::: Extracted material
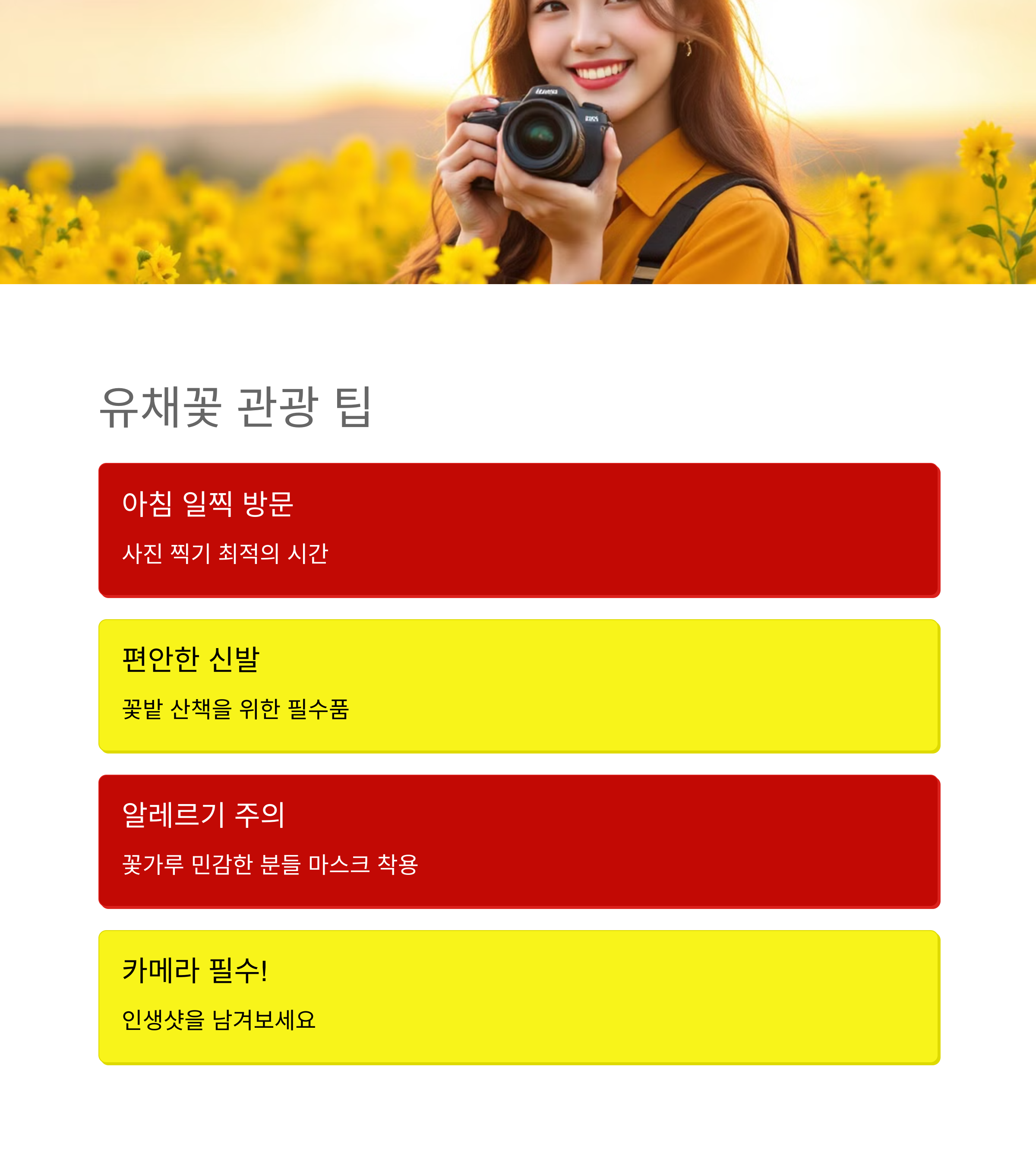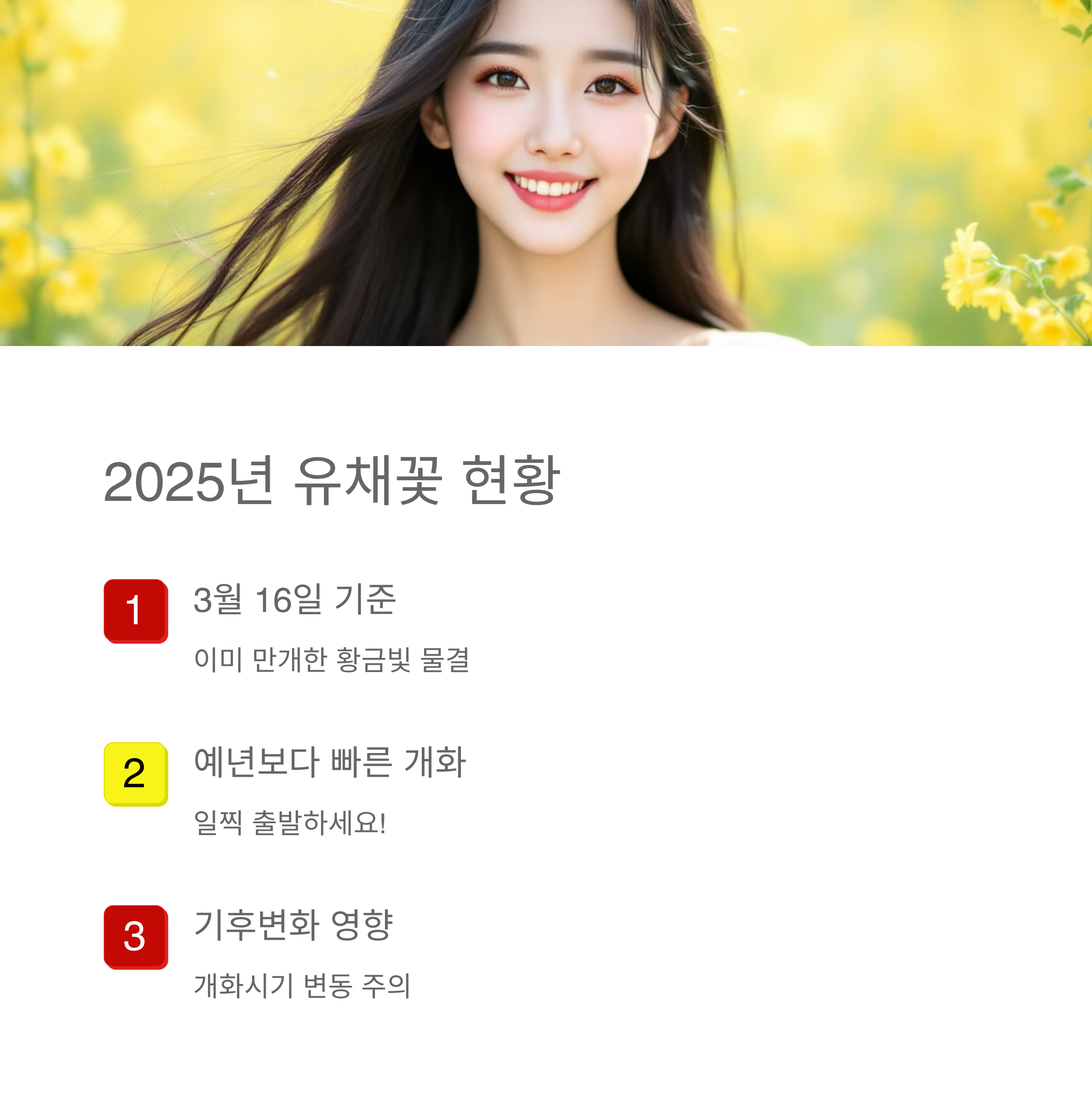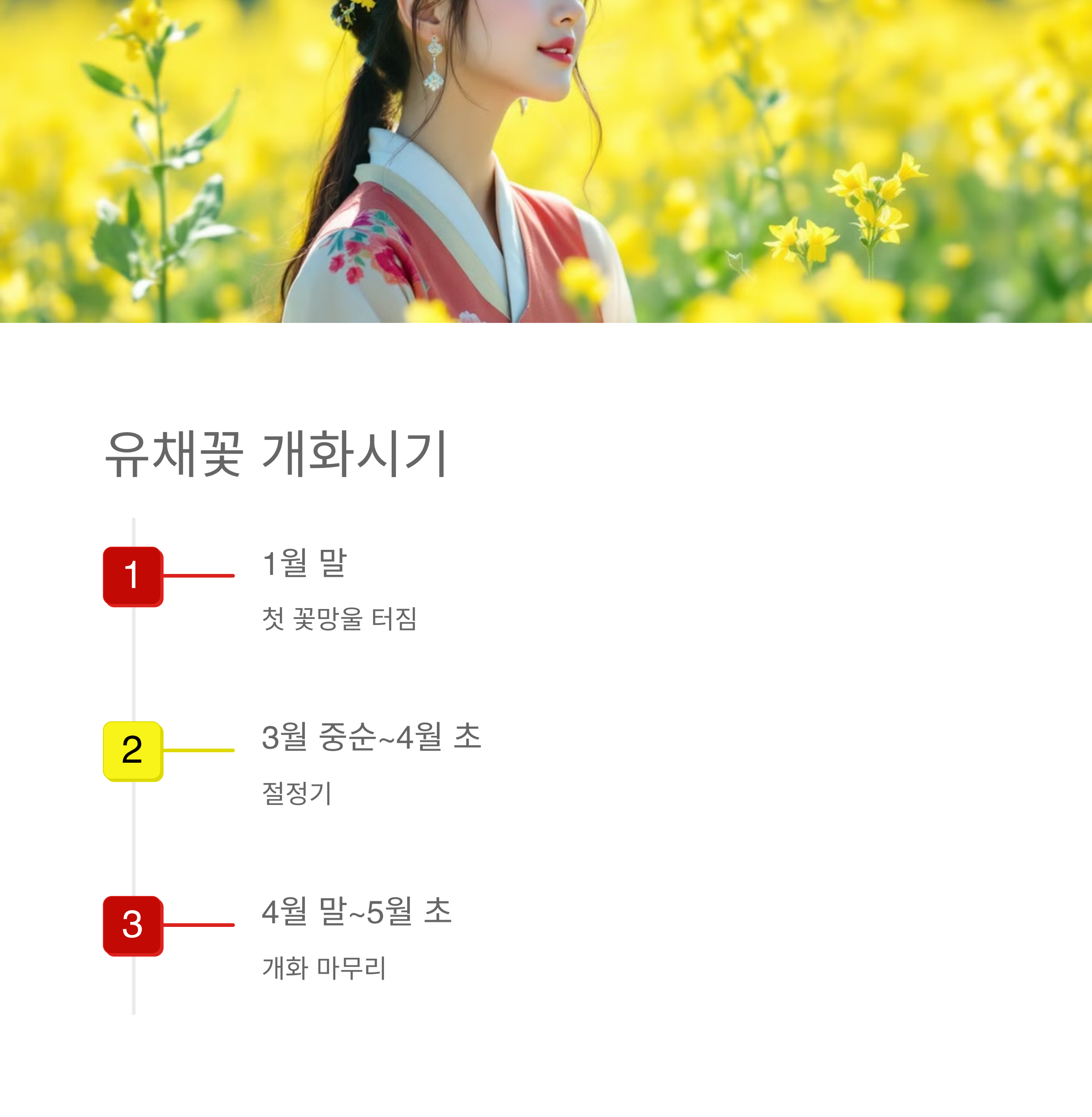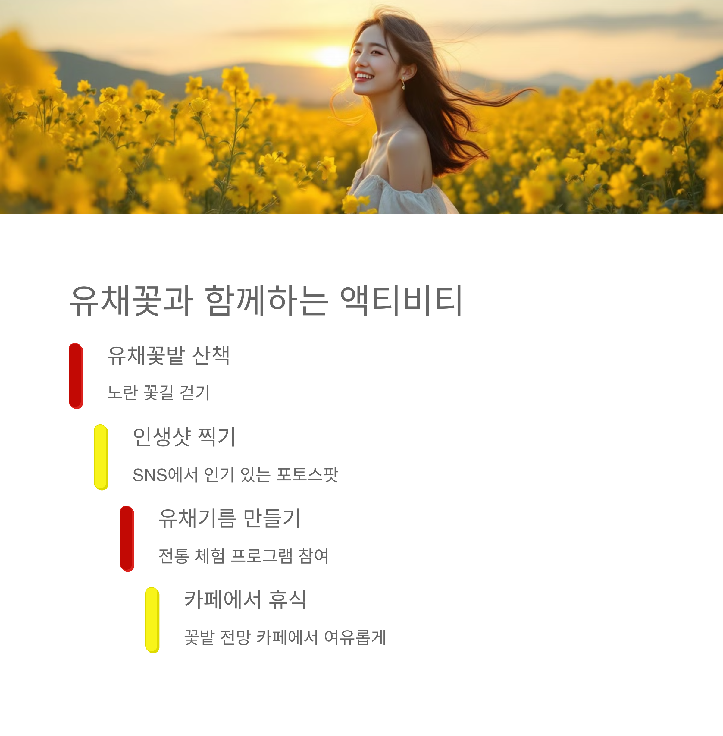 옷차림: 3월엔 바람이 쌀쌀할 수 있으니 얇은 재킷 챙기고, 노란 유채꽃과 대비되는 파스텔톤 옷 입으면 사진 잘 나와요.
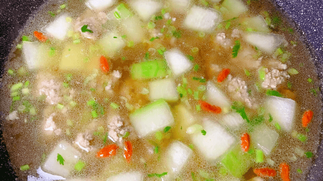 3、大火把鍋中的水煮開,轉中火煮5分鐘,把冬瓜煮到7分熟後,把肉餡用勺子團成小圓形放入鍋中,然後放入適量的鹽和枸杞力,小火煮1分鐘,丸子和冬瓜全部煮熟後關火。
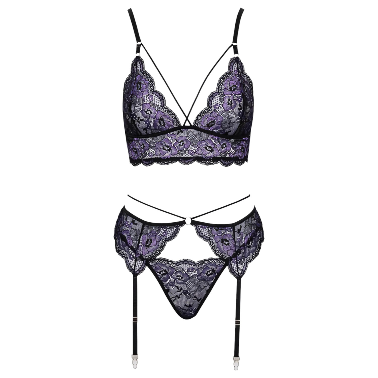 Laat je sensualiteit de vrije loop met deze prachtige 3-delige kanten lingerie set, die je gegarandeerd zal laten schitteren met z’n verfijnde details!
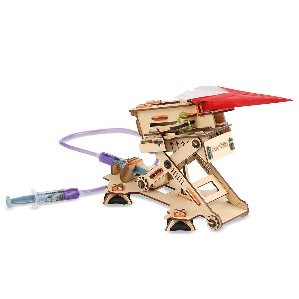 Auf in luftige Höhen lass mit dem Hydraulic Plane Launcher von Smartivity Papierflugzeuge fliegen! Baue mit der einfachen Schritt-für-Schritt-Anleitung deinen eigenen Plane Launcher und gestalte ihn mit Stiften und Farben nach deinem Geschmack. Ein spannendes Set, um mehr über Hydraulik und Aerodynamik zu lernen.
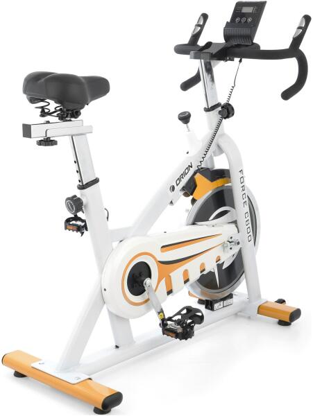 ORION Force C600 Spinning kerékpár, lendkerék 18kg, max. felhasználói súly 110 kg Jellemzők:A felhasználó maximális súlya: 110 KG;Számítógépes funkciók: beolvasás, idő, távolság, sebesség, kalória, pulzus;Lendkerék: 18 KG;Szíjhajtás;Alumínium pedálok;Kényelmes, műanyag markolattal borított kormány;Csomag mérete: 103,5*87*25,5 cm;Méret összeszerelve: 110*110*48 cm;Súly nettó/bruttó: 42,5 / 46,5 kg.
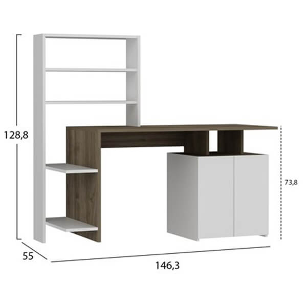 ΓΡΑΦΕΙΟ ΜΕ ΒΙΒΛΙΟΘΗΚΗ ROCHELL ΜΕΛΑΜΙΝΗ OLIVE GREY ΛΕΥΚΟ 146,3X55X128,8ΥΕΚ.HM8886.11
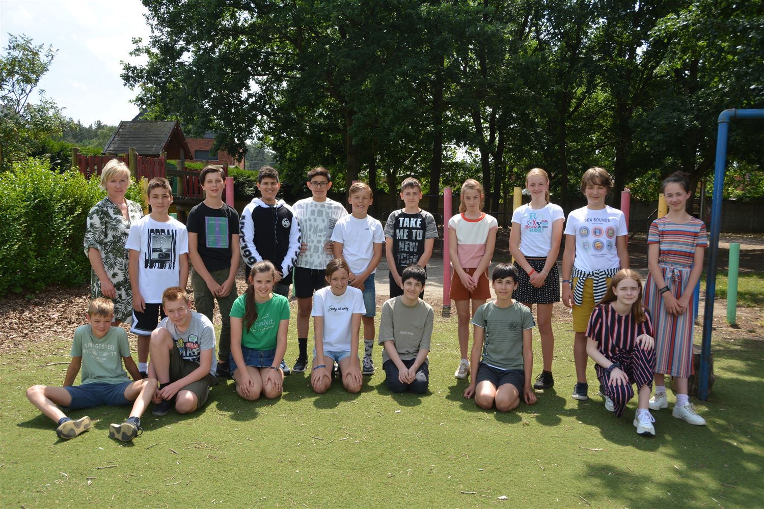 De leerlingen van 6A van De Springplank Eversel nemen stilaan afscheid van hun juffrouw Marijke Vaes. Het zijn Dervis Aliustaoglu, Yasin Bataray, Lotte Bernier, Lenthe Bogaerts, Mattijs Erregeerts, Pieterjan Fransis, Amber Goossens, Robrecht Gybels, Alani Indeherberge, Kobe Kenis, Melih Kislali, Berkay Kodak, Amine Lakridi, Wout Lekens, Mattia Pizzato, Amber Postelmans en Julie Vos. (foto Marina Poelmans)56226
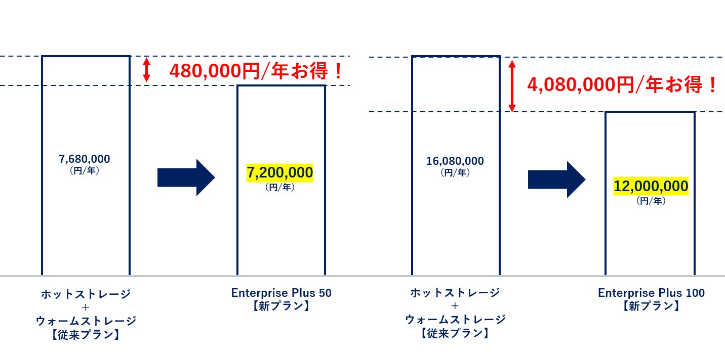 ・エンタープライズプランにウォームストレージを追加するよりも最大で34万円お得に
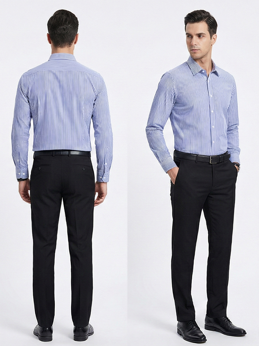 Синяя мужская рубашка Non Iron в полоску с длинными рукавами
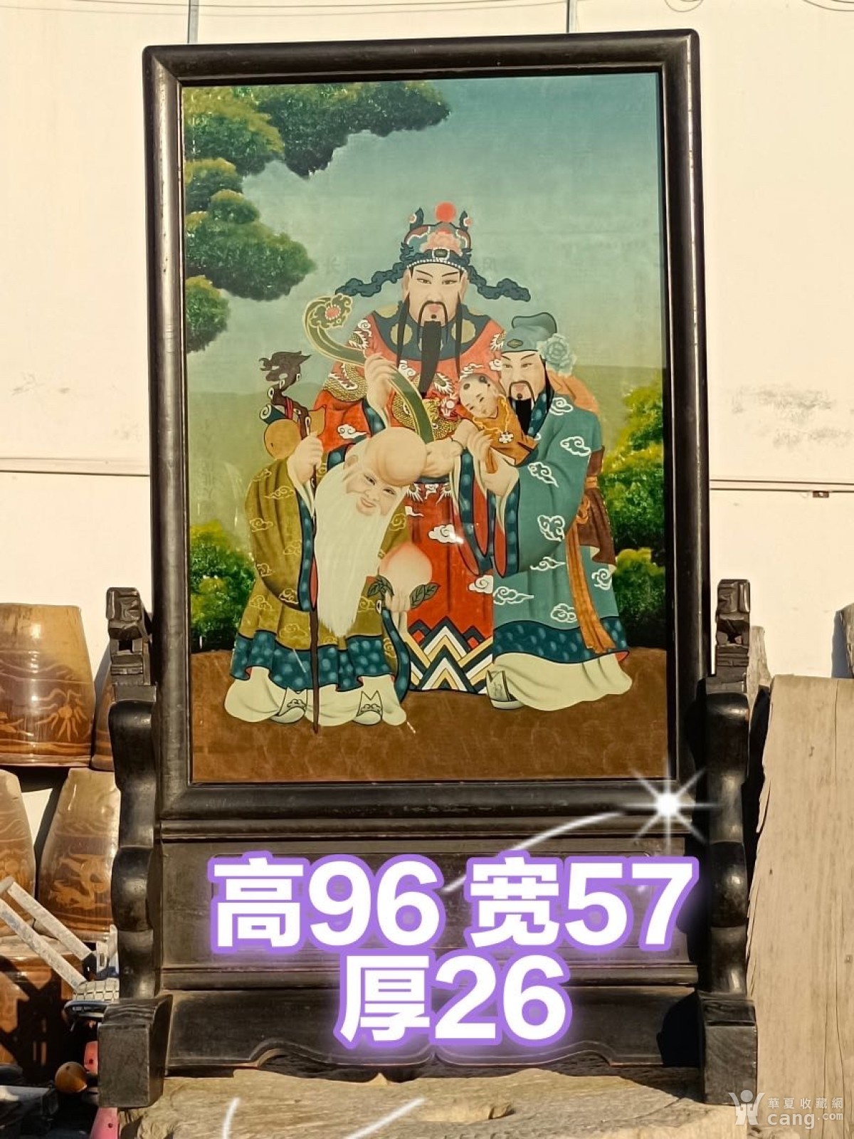清代 楠木 玻璃画插屏 福禄寿三星报喜 画工精湛 人物栩栩
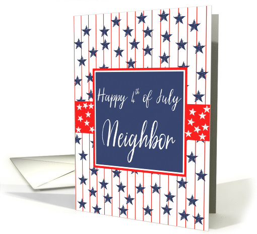 | Artist Notes: | Neighbor 4th of July Blue Chalkboard. Stars and stripes to celebrate independence day. Another Studio Porto Sabbia creation! This 4th of July Chalkboard on Stripes card is also available for all US states and for many different (family) relations. |
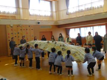皆で周囲を持ってふわっと空気を入れました。丸めた新聞紙をその上に乗せて落とすことも楽しみました。
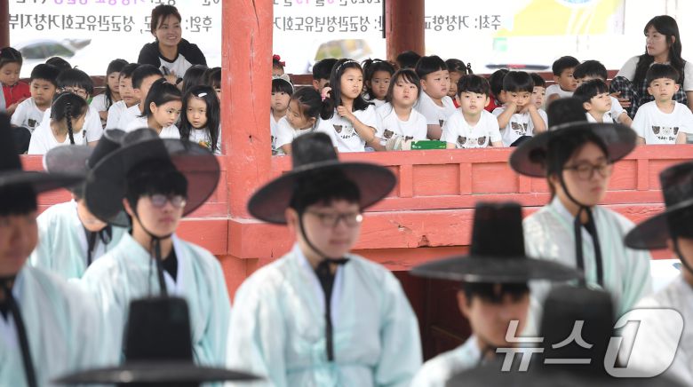 (서울=뉴스1) = 19일 경남 거창군 거창읍 거창향고 명륜당 앞뜰에서 성년의 날을 맞아 올해 만19세로 성년이 되는 경남도립거창대학, 한국승강기대학교 학생 50명을 대상으로 전통 성년례를 하고 있다. (거창군 제공. 재판매 및 DB 금지) 2025.5.19/뉴스1
::::::
- _Exercise details_: Above are the records; repeat them all exactly, without the pictures.

- _Result of this exercise_:
 옷차림: 3월엔 바람이 쌀쌀할 수 있으니 얇은 재킷 챙기고, 노란 유채꽃과 대비되는 파스텔톤 옷 입으면 사진 잘 나와요.
 3、大火把鍋中的水煮開,轉中火煮5分鐘,把冬瓜煮到7分熟後,把肉餡用勺子團成小圓形放入鍋中,然後放入適量的鹽和枸杞力,小火煮1分鐘,丸子和冬瓜全部煮熟後關火。
 Laat je sensualiteit de vrije loop met deze prachtige 3-delige kanten lingerie set, die je gegarandeerd zal laten schitteren met z’n verfijnde details!
 Auf in luftige Höhen lass mit dem Hydraulic Plane Launcher von Smartivity Papierflugzeuge fliegen! Baue mit der einfachen Schritt-für-Schritt-Anleitung deinen eigenen Plane Launcher und gestalte ihn mit Stiften und Farben nach deinem Geschmack. Ein spannendes Set, um mehr über Hydraulik und Aerodynamik zu lernen.
 ORION Force C600 Spinning kerékpár, lendkerék 18kg, max. felhasználói súly 110 kg Jellemzők:A felhasználó maximális súlya: 110 KG;Számítógépes funkciók: beolvasás, idő, távolság, sebesség, kalória, pulzus;Lendkerék: 18 KG;Szíjhajtás;Alumínium pedálok;Kényelmes, műanyag markolattal borított kormány;Csomag mérete: 103,5*87*25,5 cm;Méret összeszerelve: 110*110*48 cm;Súly nettó/bruttó: 42,5 / 46,5 kg.
 ΓΡΑΦΕΙΟ ΜΕ ΒΙΒΛΙΟΘΗΚΗ ROCHELL ΜΕΛΑΜΙΝΗ OLIVE GREY ΛΕΥΚΟ 146,3X55X128,8ΥΕΚ.HM8886.11
 De leerlingen van 6A van De Springplank Eversel nemen stilaan afscheid van hun juffrouw Marijke Vaes. Het zijn Dervis Aliustaoglu, Yasin Bataray, Lotte Bernier, Lenthe Bogaerts, Mattijs Erregeerts, Pieterjan Fransis, Amber Goossens, Robrecht Gybels, Alani Indeherberge, Kobe Kenis, Melih Kislali, Berkay Kodak, Amine Lakridi, Wout Lekens, Mattia Pizzato, Amber Postelmans en Julie Vos. (foto Marina Poelmans)56226
 ・エンタープライズプランにウォームストレージを追加するよりも最大で34万円お得に
 Синяя мужская рубашка Non Iron в полоску с длинными рукавами
清代 楠木 玻璃画插屏 福禄寿三星报喜 画工精湛 人物栩栩
 | Artist Notes: | Neighbor 4th of July Blue Chalkboard. Stars and stripes to celebrate independence day. Another Studio Porto Sabbia creation! This 4th of July Chalkboard on Stripes card is also available for all US states and for many different (family) relations. |
皆で周囲を持ってふわっと空気を入れました。丸めた新聞紙をその上に乗せて落とすことも楽しみました。
 (서울=뉴스1) = 19일 경남 거창군 거창읍 거창향고 명륜당 앞뜰에서 성년의 날을 맞아 올해 만19세로 성년이 되는 경남도립거창대학, 한국승강기대학교 학생 50명을 대상으로 전통 성년례를 하고 있다. (거창군 제공. 재판매 및 DB 금지) 2025.5.19/뉴스1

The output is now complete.